Marc should listen to this podcast because 1 of our patterns is that emergent based thinking is how cities and communities have been built since the dawn of time. Utopian cities, driven by thesis based thinking have a very limited track record of success.

I'll quote from Jenifer's work one more time,

"Google tried to create a data-driven project called Sidewalk in Toronto that called for installing sensors in every home to adjust temperature (to minimize energy use) and cameras and AI to analyze traffic. But the plan was rejected by the city over privacy concerns.

A separate effort by late Zappos CEO Tony Hsieh included investing $350 million to revitalize downtown Las Vegas by making it a hotbed of co-learning and coworking. Despite the initial hype, it failed to transform a downtown that is still mostly casinos and aging government buildings.

Since the 19th century, researchers have long studied utopian cities, and they have largely found that top-down economic models don’t work, said Mark Giliem, a urban design professor at the University of Oregon. Cities, he said, grow organically in response to millions of factors."

This limited success for Utopia's also translates to our next article, "America’s ‘Smart City’ Didn’t Get Much Smarter." Featured in Wired and written by AARIAN MARSHALL.

I'm quoting now from the article,

"Columbus, Ohio, won a $50 million grant five years ago via the Smart City Challenge to use tech to solve old problems.

Five years later, the Smart City Challenge is over, but the revolution never arrived. According to the project’s final report, issued in June of this year by the city’s Smart Columbus Program, the pandemic hit just as some projects were getting off the ground."

Kiosks placed around the city were used to plan just eight trips between July 2020 and March 2021.

The company EasyMile launched autonomous shuttles in February 2020, carrying passengers at an average speed of 4 miles per hour. Fifteen days later, a sudden brake sent a rider to the hospital, pausing service. The truck project was canceled.

Only 1,100 people downloaded an app, called Pivot, to plan and reserve trips on ride-hail vehicles, shared bikes and scooters, and public transit.

Even with such a large investment, low adoption rates, and concerns regarding surveillance hindered the programs initiatives.

This story again reinforces the pattern that cities are developed by and with emergent thinking. That $50 million dollars invested differently could have gone a lot further than paying a bunch of coders. Maybe I'm just low on software development and all those thesis thinkers...that is a different show...different show.

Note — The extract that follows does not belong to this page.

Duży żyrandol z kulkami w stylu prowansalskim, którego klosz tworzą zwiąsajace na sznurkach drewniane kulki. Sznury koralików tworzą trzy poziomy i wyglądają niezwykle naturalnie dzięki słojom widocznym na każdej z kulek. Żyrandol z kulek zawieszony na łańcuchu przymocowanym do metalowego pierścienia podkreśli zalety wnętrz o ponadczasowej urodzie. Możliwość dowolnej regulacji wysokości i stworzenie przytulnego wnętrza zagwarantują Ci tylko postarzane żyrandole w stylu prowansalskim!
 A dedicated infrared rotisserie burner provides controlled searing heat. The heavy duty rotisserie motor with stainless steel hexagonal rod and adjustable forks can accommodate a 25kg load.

One of the powerful phrases ever written, "We the people..."  It's not "I the person..."

Cities were built out of necessity, in proximity to plentiful resources, and by trusting your neighbors.

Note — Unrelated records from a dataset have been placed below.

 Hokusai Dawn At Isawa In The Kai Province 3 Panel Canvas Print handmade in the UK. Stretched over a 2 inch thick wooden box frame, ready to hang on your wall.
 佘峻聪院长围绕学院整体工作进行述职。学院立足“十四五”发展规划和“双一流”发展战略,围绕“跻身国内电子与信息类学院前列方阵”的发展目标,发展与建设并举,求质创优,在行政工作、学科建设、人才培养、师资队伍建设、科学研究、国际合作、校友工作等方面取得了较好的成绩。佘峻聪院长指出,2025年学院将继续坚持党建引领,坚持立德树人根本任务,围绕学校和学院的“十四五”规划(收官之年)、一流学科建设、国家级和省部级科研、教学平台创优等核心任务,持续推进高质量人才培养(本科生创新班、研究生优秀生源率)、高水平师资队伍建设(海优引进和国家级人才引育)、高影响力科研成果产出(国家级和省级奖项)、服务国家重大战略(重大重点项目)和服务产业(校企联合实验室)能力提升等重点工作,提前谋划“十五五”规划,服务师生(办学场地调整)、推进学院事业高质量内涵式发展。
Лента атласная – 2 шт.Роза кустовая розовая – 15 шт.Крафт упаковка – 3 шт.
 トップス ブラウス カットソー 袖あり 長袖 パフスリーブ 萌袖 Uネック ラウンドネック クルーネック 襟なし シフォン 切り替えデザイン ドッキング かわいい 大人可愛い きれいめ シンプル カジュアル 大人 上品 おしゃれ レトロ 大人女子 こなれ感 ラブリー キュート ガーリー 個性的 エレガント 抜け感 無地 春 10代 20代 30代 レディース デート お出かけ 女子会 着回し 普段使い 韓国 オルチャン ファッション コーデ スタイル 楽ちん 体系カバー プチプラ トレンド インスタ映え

Last up, if you want to encourage more "we the people" development in your community -- get rid of parking minimums. The Twin Cities Abolished Parking Minimums and it's expected to help fuel development, and reduce rents, then reduce rent some more because more development is happening.

Based on the principles from the OG of parking, Donald Shoup, the city of St. Paul voted to eliminate parking minimums, stating “ we will fully eliminate off-street parking minimums for real estate developments … modernize zoning codes and aligning them with best practices for land use while reducing administrative burdens for small businesses and developers.”

THIS is a we the people approach. The butcher, the baker, the candle stick maker now have a better opportunity to do development in their community because they don't need an incredible amount of land to account for parking that won't get used.

That's all for this week, and I'll talk to y'all soon.